3010,21,211CCD,12,187.07,62.14,0,62.14,124.93,2,200807
3010,21,211COL,6,-4584.9,1531.98,0,1531.98,-6116.88,2,200807
3010,21,211COL,12,118.11,64.02,0,64.02,54.09,2,200807
3010,21,211F  ,6,0,0,0,0,0,2,200807
3010,21,211TOW,6,-64.86,74.12,0,74.12,-138.98,2,200807
3010,21,211TOW,12,19.14,2.66,0,2.66,16.48,2,200807

*SUM -This record should show the sum of the column col_5 through col_9

3010,63,192BI ,6,1043.51,147.32,0,147.32,896.19,3,200807
3010,63,192MED,6,16.25,15.46,0,15.46,0.78,3,200807
3010,63,192PD ,6,-1192.37,98.2,0,98.2,-1290.57,3,200807
3010,63,192UMB,6,18.7,20.6,0,20.6,-1.9,3,200807
3010,63,192UMP,6,-1.03,1.5,0,1.5,-2.53,3,200807

*SUM -This record should show the sum of the column col_5 through col_9

awk -solution would be disarable

malcomex999 · February 21, 2010, 6:45am

Ccolumn 10 should be in ascending order...

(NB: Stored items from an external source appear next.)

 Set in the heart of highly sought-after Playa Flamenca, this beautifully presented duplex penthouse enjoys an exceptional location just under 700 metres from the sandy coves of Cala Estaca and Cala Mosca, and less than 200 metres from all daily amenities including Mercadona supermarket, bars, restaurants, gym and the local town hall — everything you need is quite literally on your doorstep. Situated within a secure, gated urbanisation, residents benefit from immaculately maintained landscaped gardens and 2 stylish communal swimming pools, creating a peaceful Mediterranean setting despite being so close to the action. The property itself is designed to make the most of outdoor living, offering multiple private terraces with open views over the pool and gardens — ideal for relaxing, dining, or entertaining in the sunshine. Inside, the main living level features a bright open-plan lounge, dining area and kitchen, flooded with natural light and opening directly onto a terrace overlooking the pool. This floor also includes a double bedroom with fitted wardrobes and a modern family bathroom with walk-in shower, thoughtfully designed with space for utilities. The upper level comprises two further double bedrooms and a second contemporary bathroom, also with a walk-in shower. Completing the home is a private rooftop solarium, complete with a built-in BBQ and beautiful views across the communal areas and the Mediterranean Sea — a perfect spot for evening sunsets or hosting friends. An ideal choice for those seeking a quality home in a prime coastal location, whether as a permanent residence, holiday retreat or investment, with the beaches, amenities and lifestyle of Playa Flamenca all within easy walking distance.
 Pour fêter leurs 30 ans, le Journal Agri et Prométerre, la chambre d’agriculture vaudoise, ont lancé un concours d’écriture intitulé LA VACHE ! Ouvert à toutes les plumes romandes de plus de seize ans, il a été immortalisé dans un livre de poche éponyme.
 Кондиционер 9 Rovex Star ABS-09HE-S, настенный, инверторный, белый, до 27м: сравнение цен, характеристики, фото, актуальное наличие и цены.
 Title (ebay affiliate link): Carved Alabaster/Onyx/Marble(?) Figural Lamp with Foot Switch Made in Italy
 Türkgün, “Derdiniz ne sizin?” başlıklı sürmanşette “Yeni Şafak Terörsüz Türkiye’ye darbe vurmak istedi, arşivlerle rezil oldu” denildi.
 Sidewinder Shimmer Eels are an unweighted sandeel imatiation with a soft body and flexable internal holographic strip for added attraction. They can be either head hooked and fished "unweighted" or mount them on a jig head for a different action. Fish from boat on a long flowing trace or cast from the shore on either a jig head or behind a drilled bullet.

awk -F, 'NR==1{print;next}{
if($10==col10){sum+=sum + $5 + $6 + $7 + $8 + $9}
else{print "\nSum: " sum "\n";sum=0}}
{col10=$10;print $0}
END{print "\nSum: " sum "\n"}' infile

pravin27 · February 21, 2010, 6:51am

Hi,
I have edited the scripts ....

perl sum_column.pl test.txt

#!/usr/bin/perl

$filename=$ARGV[0];
`sort -t',' -nk10 $filename -o $filename`;
open (FH,$filename);
$current=0;
$sum_col4=0;
$sum_col5=0;
$sum_col6=0;
$sum_col7=0;
$sum_col8=0;
while (<FH>) {
chomp;
if ($. > 1 ) {
@array=split /,/;

if ($current != $array[9] ) {
        if ($. > 2 ) {
                print ",,,,$sum_col4,$sum_col5,$sum_col6,$sum_col7,$sum_col8,,,\n";
                $sum_col4=0;
                $sum_col5=0;
                $sum_col6=0;
                $sum_col7=0;
                $sum_col8=0;
        }
        print "Group $array[9] started:-- \n\n";
        print $_,"\n";
        $sum_col4= $array[4] + $sum_col4 ;
        $sum_col5= $array[5] + $sum_col5 ;
        $sum_col6= $array[6] + $sum_col6;
        $sum_col7= $array[7] + $sum_col7;
        $sum_col8= $array[8] + $sum_col8;
      }
else {
        print $_,"\n";
        $sum_col4= $array[4] + $sum_col4 ;
        $sum_col5= $array[5] + $sum_col5;
        $sum_col6= $array[6] + $sum_col6;
        $sum_col7= $array[7] + $sum_col7;
        $sum_col8= $array[8] + $sum_col8;
     }
}
$current = $array[9];
}
print ",,,,$sum_col4,$sum_col5,$sum_col6,$sum_col7,$sum_col8,,,\n";

ahmad.diab · February 21, 2010, 7:28am

nawk -F"," 'NR>1{a[$10]+=a[$10]+$5+$6+$7+$8+$9 ; b[$10]=b[$10]"\n"$0 ; next}
END{for (i in a) print b"\nSum "i" =\t"a}' infile.txt

BR

;);)

jambesh · February 21, 2010, 8:50am

Thank you all for responding me - however the requirement was different .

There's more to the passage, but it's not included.